Items from a dataset:

Start of Block

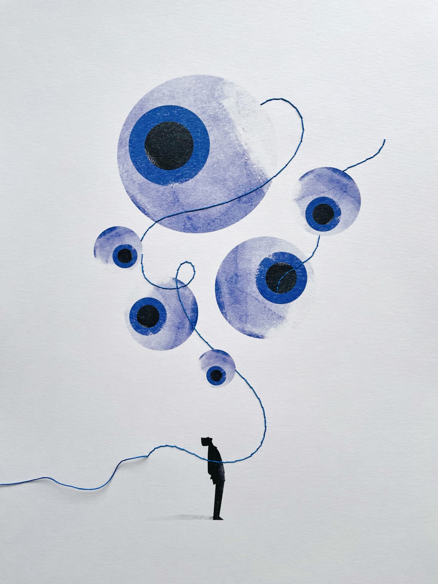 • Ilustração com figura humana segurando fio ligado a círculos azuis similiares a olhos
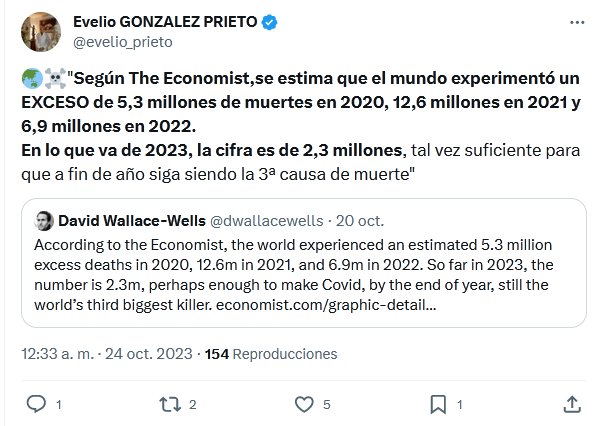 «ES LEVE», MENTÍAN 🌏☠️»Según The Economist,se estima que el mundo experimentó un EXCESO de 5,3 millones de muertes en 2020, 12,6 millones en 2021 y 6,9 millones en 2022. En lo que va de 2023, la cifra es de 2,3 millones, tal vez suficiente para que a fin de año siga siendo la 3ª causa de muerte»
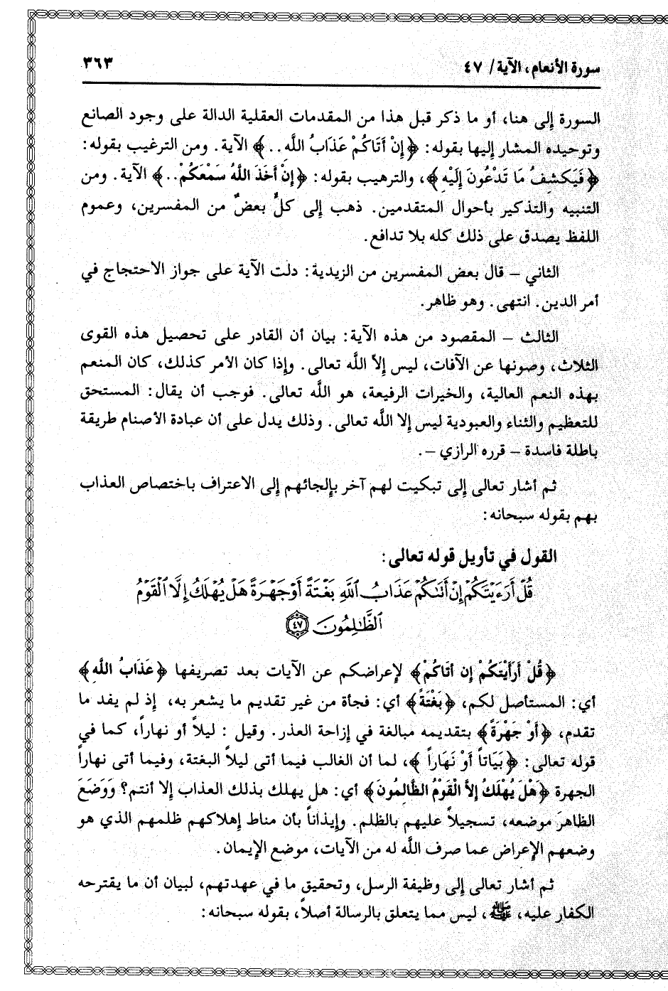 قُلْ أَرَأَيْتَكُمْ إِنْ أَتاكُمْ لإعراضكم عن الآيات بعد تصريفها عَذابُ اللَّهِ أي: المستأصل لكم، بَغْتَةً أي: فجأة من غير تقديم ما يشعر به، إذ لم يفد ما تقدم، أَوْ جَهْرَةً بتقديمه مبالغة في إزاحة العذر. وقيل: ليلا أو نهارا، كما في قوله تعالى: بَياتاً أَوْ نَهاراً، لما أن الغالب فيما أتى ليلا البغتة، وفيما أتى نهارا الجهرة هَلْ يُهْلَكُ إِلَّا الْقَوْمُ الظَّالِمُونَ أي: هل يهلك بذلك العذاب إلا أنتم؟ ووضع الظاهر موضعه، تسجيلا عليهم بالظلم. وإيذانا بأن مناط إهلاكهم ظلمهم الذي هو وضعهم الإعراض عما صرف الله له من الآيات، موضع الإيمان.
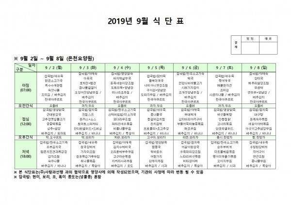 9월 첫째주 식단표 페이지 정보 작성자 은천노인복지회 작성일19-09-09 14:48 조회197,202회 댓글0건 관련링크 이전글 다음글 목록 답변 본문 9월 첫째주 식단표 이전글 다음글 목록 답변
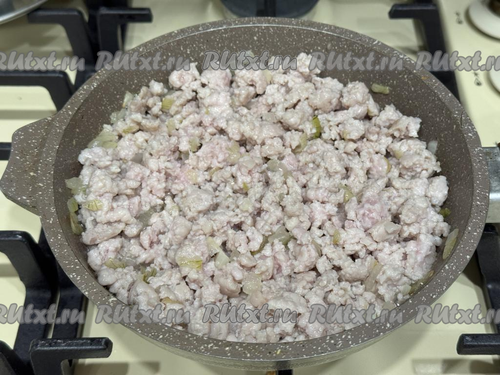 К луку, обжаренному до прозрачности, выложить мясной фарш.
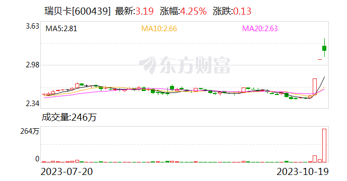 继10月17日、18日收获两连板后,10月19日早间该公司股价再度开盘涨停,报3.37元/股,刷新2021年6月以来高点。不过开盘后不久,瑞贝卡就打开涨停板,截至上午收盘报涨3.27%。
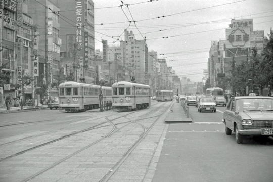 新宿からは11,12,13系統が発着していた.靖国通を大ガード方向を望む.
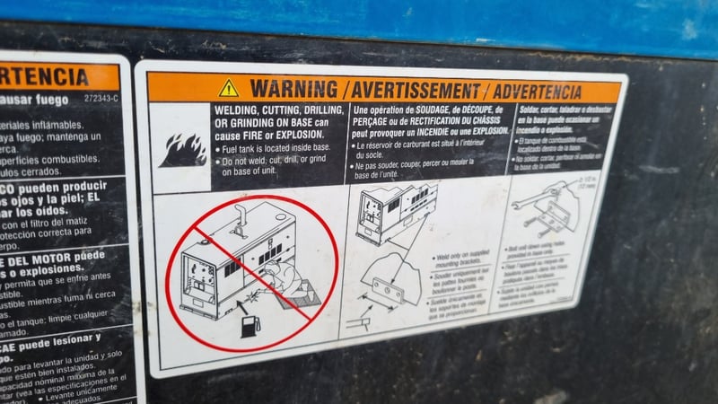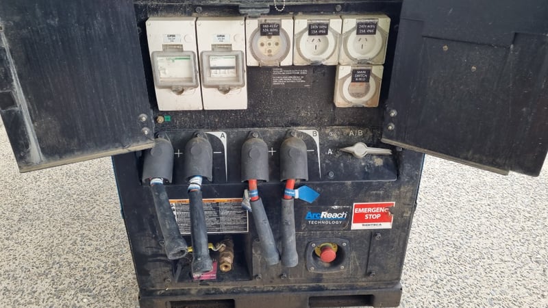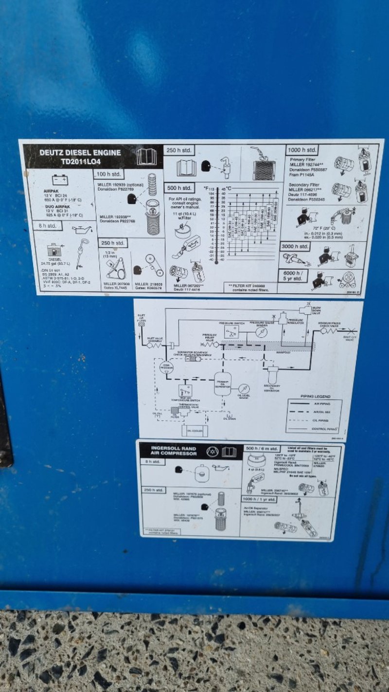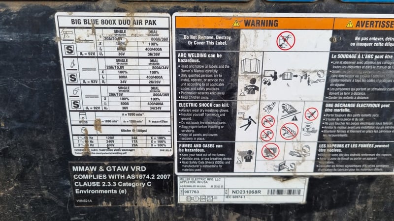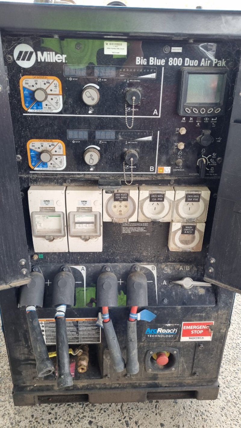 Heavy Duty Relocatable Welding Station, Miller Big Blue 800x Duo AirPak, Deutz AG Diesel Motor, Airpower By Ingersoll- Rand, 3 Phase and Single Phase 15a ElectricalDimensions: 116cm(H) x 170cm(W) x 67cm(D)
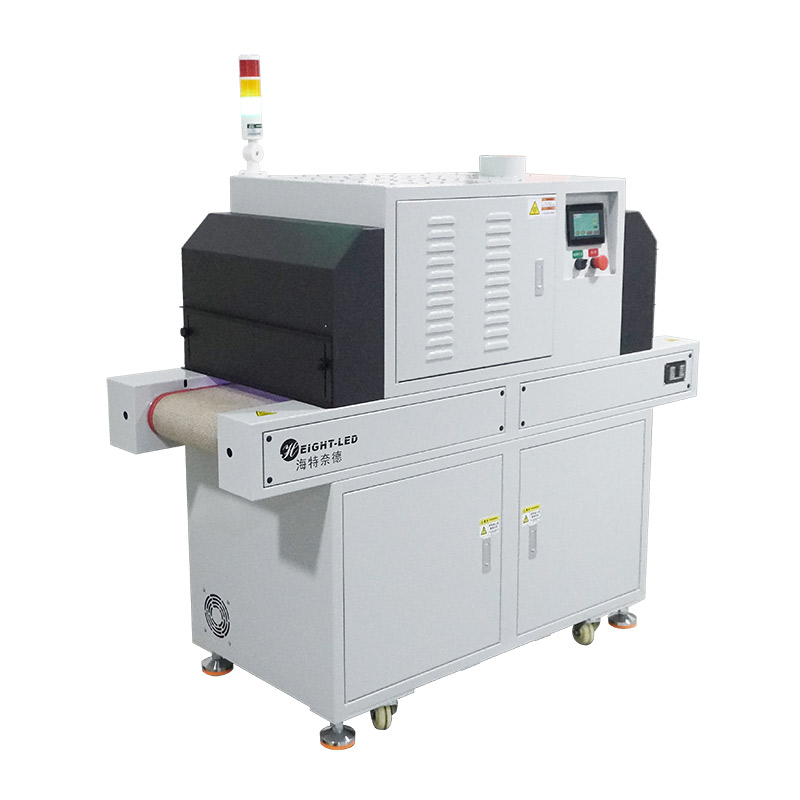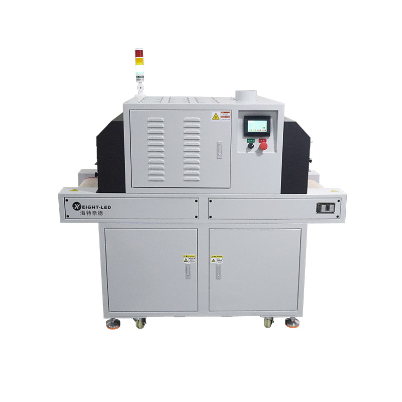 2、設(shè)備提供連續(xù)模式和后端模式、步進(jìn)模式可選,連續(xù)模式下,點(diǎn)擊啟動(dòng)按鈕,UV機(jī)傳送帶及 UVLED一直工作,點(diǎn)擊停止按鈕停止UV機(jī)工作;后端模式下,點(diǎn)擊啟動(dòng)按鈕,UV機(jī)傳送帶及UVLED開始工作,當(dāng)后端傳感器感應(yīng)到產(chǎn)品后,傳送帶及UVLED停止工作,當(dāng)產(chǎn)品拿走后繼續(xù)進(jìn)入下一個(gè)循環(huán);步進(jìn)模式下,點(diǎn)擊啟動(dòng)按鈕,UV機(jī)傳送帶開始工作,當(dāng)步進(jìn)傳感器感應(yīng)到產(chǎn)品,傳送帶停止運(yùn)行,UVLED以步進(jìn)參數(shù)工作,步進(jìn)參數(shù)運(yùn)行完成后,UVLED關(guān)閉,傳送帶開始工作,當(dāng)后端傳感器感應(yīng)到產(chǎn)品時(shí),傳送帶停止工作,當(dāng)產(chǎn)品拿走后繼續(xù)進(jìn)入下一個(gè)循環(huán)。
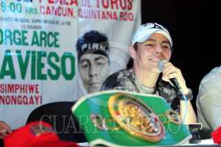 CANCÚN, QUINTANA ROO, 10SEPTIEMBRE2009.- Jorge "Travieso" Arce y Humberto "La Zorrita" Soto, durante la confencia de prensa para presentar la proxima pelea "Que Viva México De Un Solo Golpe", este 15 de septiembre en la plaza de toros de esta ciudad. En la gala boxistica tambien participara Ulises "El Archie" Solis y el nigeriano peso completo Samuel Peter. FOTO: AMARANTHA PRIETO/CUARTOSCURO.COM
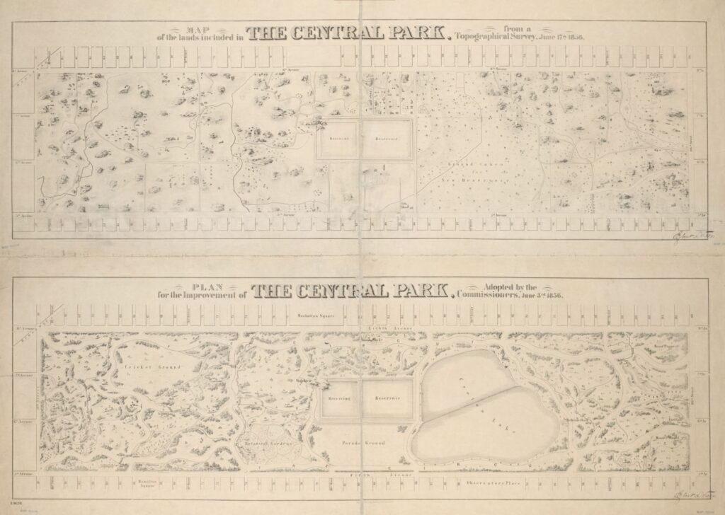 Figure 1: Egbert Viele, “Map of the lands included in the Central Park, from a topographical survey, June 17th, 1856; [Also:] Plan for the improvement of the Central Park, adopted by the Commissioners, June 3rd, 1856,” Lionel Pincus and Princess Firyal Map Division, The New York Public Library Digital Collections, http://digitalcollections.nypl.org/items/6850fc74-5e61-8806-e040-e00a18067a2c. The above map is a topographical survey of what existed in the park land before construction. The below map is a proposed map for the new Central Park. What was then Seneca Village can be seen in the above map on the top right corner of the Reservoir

End of Block

**PROBLEM REQUIREMENTS**
Print the data again word for word, pictures excluded.

**OUTPUT OF THE TASK**
 • Ilustração com figura humana segurando fio ligado a círculos azuis similiares a olhos
 «ES LEVE», MENTÍAN 🌏☠️»Según The Economist,se estima que el mundo experimentó un EXCESO de 5,3 millones de muertes en 2020, 12,6 millones en 2021 y 6,9 millones en 2022. En lo que va de 2023, la cifra es de 2,3 millones, tal vez suficiente para que a fin de año siga siendo la 3ª causa de muerte»
 قُلْ أَرَأَيْتَكُمْ إِنْ أَتاكُمْ لإعراضكم عن الآيات بعد تصريفها عَذابُ اللَّهِ أي: المستأصل لكم، بَغْتَةً أي: فجأة من غير تقديم ما يشعر به، إذ لم يفد ما تقدم، أَوْ جَهْرَةً بتقديمه مبالغة في إزاحة العذر. وقيل: ليلا أو نهارا، كما في قوله تعالى: بَياتاً أَوْ نَهاراً، لما أن الغالب فيما أتى ليلا البغتة، وفيما أتى نهارا الجهرة هَلْ يُهْلَكُ إِلَّا الْقَوْمُ الظَّالِمُونَ أي: هل يهلك بذلك العذاب إلا أنتم؟ ووضع الظاهر موضعه، تسجيلا عليهم بالظلم. وإيذانا بأن مناط إهلاكهم ظلمهم الذي هو وضعهم الإعراض عما صرف الله له من الآيات، موضع الإيمان.
 9월 첫째주 식단표 페이지 정보 작성자 은천노인복지회 작성일19-09-09 14:48 조회197,202회 댓글0건 관련링크 이전글 다음글 목록 답변 본문 9월 첫째주 식단표 이전글 다음글 목록 답변
 К луку, обжаренному до прозрачности, выложить мясной фарш.
 继10月17日、18日收获两连板后,10月19日早间该公司股价再度开盘涨停,报3.37元/股,刷新2021年6月以来高点。不过开盘后不久,瑞贝卡就打开涨停板,截至上午收盘报涨3.27%。
 新宿からは11,12,13系統が発着していた.靖国通を大ガード方向を望む.
 Heavy Duty Relocatable Welding Station, Miller Big Blue 800x Duo AirPak, Deutz AG Diesel Motor, Airpower By Ingersoll- Rand, 3 Phase and Single Phase 15a ElectricalDimensions: 116cm(H) x 170cm(W) x 67cm(D)
 2、設(shè)備提供連續(xù)模式和后端模式、步進(jìn)模式可選,連續(xù)模式下,點(diǎn)擊啟動(dòng)按鈕,UV機(jī)傳送帶及 UVLED一直工作,點(diǎn)擊停止按鈕停止UV機(jī)工作;后端模式下,點(diǎn)擊啟動(dòng)按鈕,UV機(jī)傳送帶及UVLED開始工作,當(dāng)后端傳感器感應(yīng)到產(chǎn)品后,傳送帶及UVLED停止工作,當(dāng)產(chǎn)品拿走后繼續(xù)進(jìn)入下一個(gè)循環(huán);步進(jìn)模式下,點(diǎn)擊啟動(dòng)按鈕,UV機(jī)傳送帶開始工作,當(dāng)步進(jìn)傳感器感應(yīng)到產(chǎn)品,傳送帶停止運(yùn)行,UVLED以步進(jìn)參數(shù)工作,步進(jìn)參數(shù)運(yùn)行完成后,UVLED關(guān)閉,傳送帶開始工作,當(dāng)后端傳感器感應(yīng)到產(chǎn)品時(shí),傳送帶停止工作,當(dāng)產(chǎn)品拿走后繼續(xù)進(jìn)入下一個(gè)循環(huán)。
 CANCÚN, QUINTANA ROO, 10SEPTIEMBRE2009.- Jorge "Travieso" Arce y Humberto "La Zorrita" Soto, durante la confencia de prensa para presentar la proxima pelea "Que Viva México De Un Solo Golpe", este 15 de septiembre en la plaza de toros de esta ciudad. En la gala boxistica tambien participara Ulises "El Archie" Solis y el nigeriano peso completo Samuel Peter. FOTO: AMARANTHA PRIETO/CUARTOSCURO.COM
 Figure 1: Egbert Viele, “Map of the lands included in the Central Park, from a topographical survey, June 17th, 1856; [Also:] Plan for the improvement of the Central Park, adopted by the Commissioners, June 3rd, 1856,” Lionel Pincus and Princess Firyal Map Division, The New York Public Library Digital Collections, http://digitalcollections.nypl.org/items/6850fc74-5e61-8806-e040-e00a18067a2c. The above map is a topographical survey of what existed in the park land before construction. The below map is a proposed map for the new Central Park. What was then Seneca Village can be seen in the above map on the top right corner of the Reservoir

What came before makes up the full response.